The copy must run from the line containing "El llamado para" through the final line of the records, both included, exactly as written. It should contain no pictures.

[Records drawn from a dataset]

==================================================

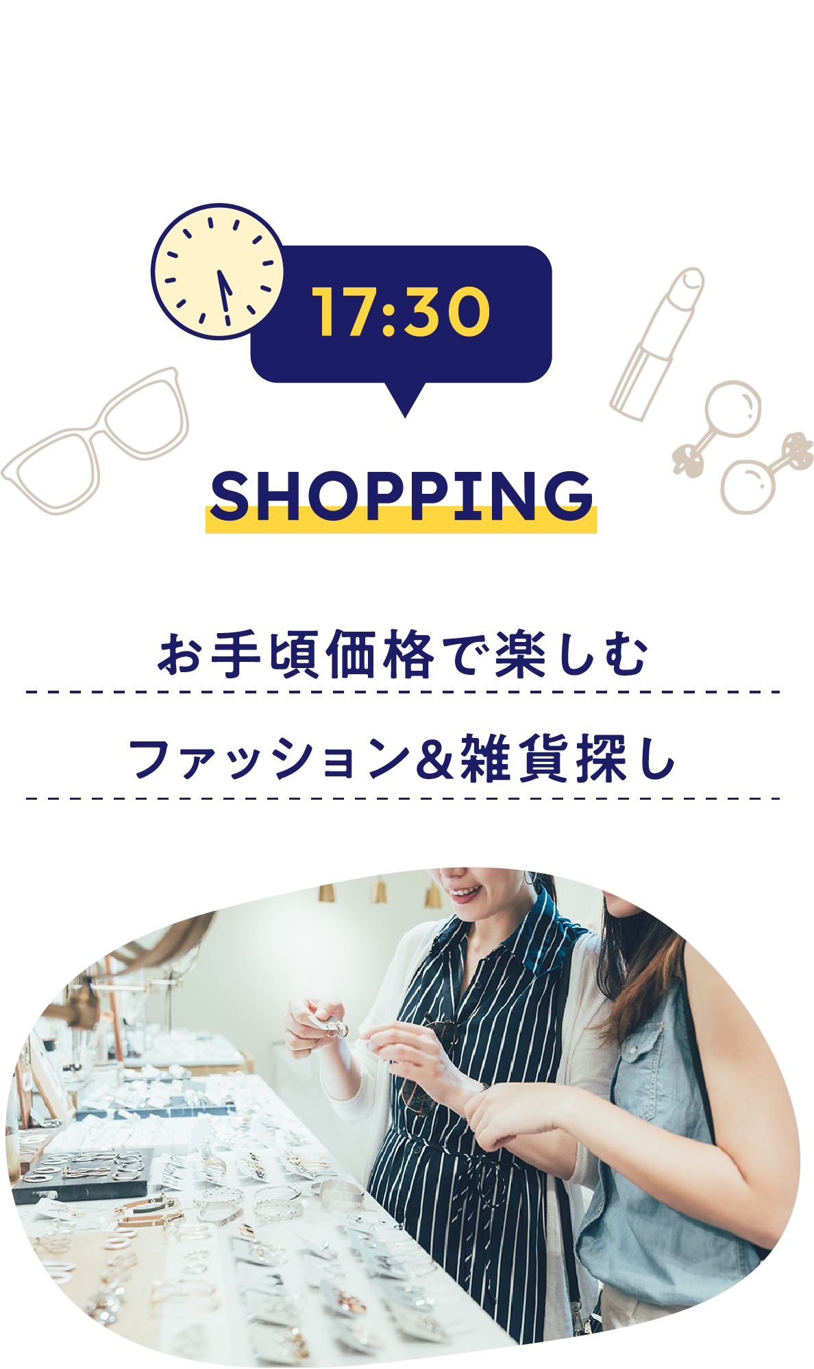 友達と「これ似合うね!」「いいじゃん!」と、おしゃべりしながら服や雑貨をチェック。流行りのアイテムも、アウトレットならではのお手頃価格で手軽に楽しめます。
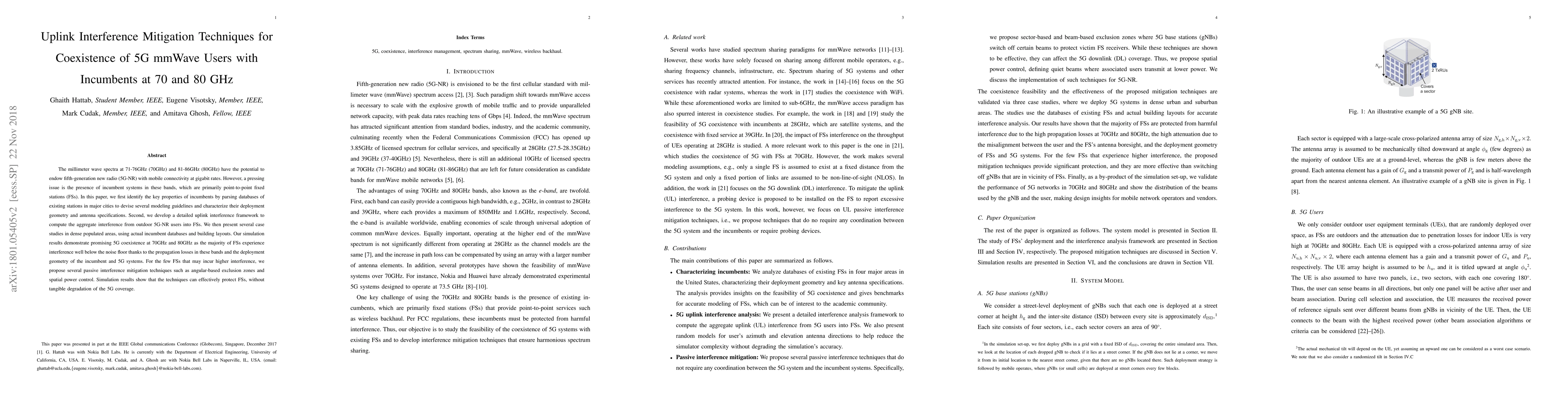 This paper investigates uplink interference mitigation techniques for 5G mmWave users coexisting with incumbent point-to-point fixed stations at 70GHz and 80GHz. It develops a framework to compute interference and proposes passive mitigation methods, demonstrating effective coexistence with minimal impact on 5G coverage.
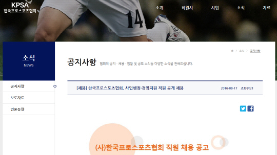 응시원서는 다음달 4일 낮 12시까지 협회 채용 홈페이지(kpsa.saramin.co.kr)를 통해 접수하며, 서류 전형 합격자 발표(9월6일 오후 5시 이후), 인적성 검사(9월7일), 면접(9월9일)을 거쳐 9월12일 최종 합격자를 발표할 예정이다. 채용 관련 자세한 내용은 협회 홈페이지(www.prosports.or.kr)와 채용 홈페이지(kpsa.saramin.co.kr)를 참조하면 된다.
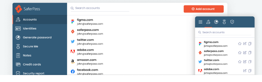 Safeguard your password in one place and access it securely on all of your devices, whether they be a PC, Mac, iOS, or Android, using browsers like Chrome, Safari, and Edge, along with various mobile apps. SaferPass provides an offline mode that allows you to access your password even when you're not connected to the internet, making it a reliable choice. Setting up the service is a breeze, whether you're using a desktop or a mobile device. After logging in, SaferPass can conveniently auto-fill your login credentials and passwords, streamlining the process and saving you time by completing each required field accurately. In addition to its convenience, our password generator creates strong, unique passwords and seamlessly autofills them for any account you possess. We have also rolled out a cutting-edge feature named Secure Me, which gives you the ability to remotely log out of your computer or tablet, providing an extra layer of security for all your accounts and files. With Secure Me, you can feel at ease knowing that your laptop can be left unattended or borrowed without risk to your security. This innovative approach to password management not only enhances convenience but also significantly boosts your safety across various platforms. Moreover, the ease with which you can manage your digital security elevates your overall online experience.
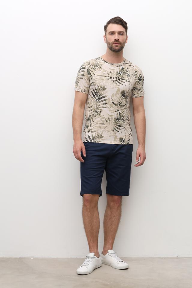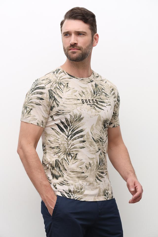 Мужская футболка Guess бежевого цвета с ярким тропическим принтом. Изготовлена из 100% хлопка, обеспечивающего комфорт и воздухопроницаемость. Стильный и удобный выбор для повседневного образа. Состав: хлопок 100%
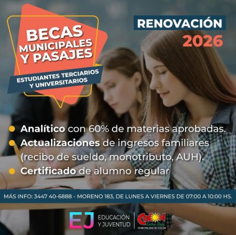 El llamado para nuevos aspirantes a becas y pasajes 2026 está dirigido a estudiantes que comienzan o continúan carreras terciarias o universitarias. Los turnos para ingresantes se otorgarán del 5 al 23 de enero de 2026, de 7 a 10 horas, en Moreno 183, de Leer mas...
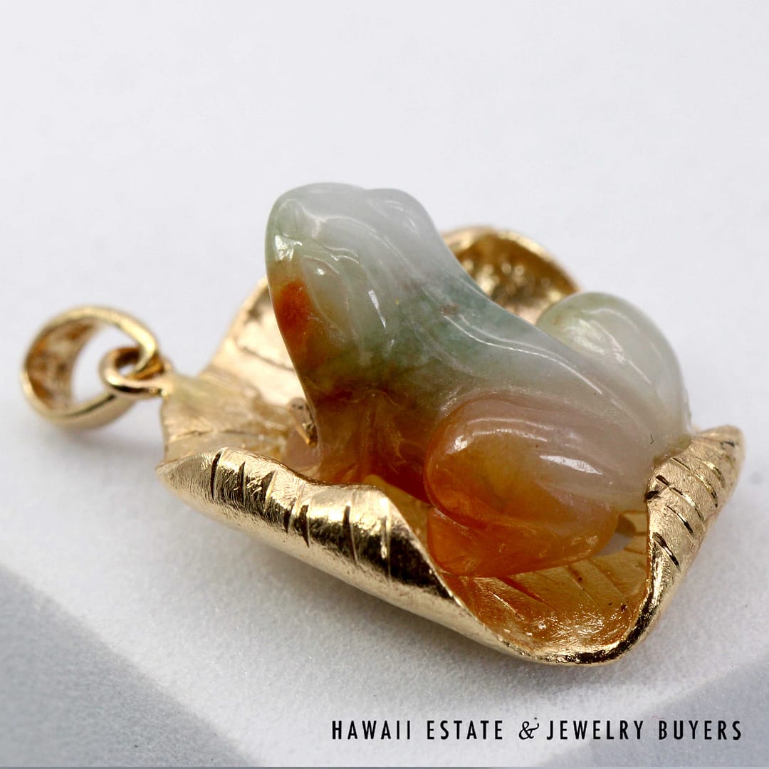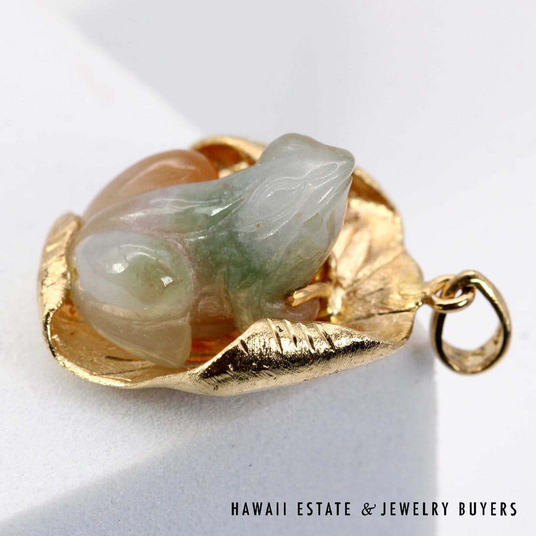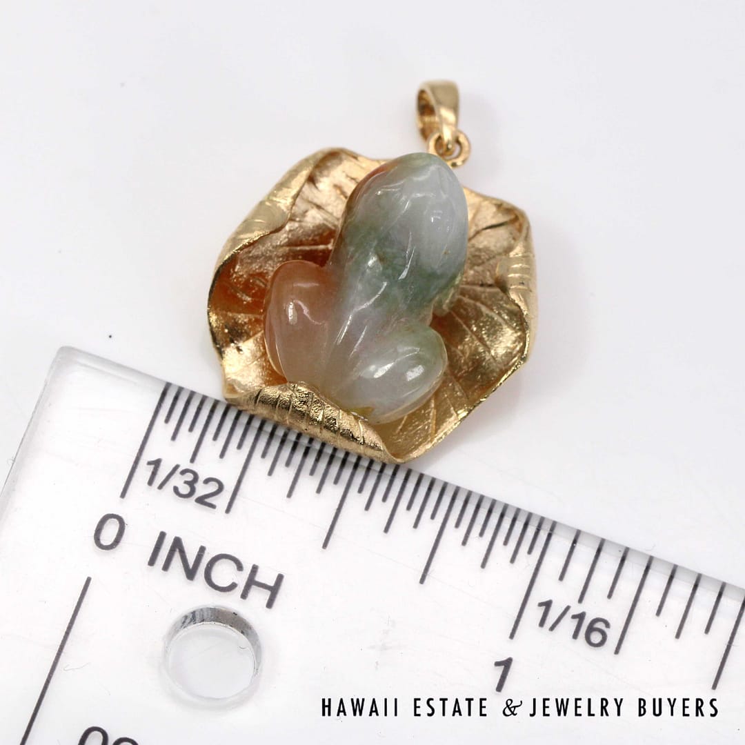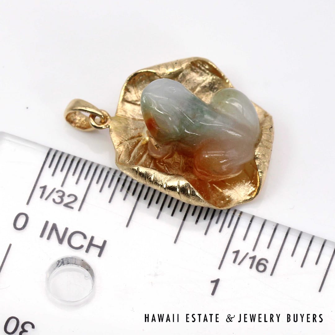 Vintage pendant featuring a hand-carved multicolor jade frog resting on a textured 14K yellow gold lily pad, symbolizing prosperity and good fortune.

==================================================

◆ Expected answer:
 El llamado para nuevos aspirantes a becas y pasajes 2026 está dirigido a estudiantes que comienzan o continúan carreras terciarias o universitarias. Los turnos para ingresantes se otorgarán del 5 al 23 de enero de 2026, de 7 a 10 horas, en Moreno 183, de Leer mas...
 Vintage pendant featuring a hand-carved multicolor jade frog resting on a textured 14K yellow gold lily pad, symbolizing prosperity and good fortune.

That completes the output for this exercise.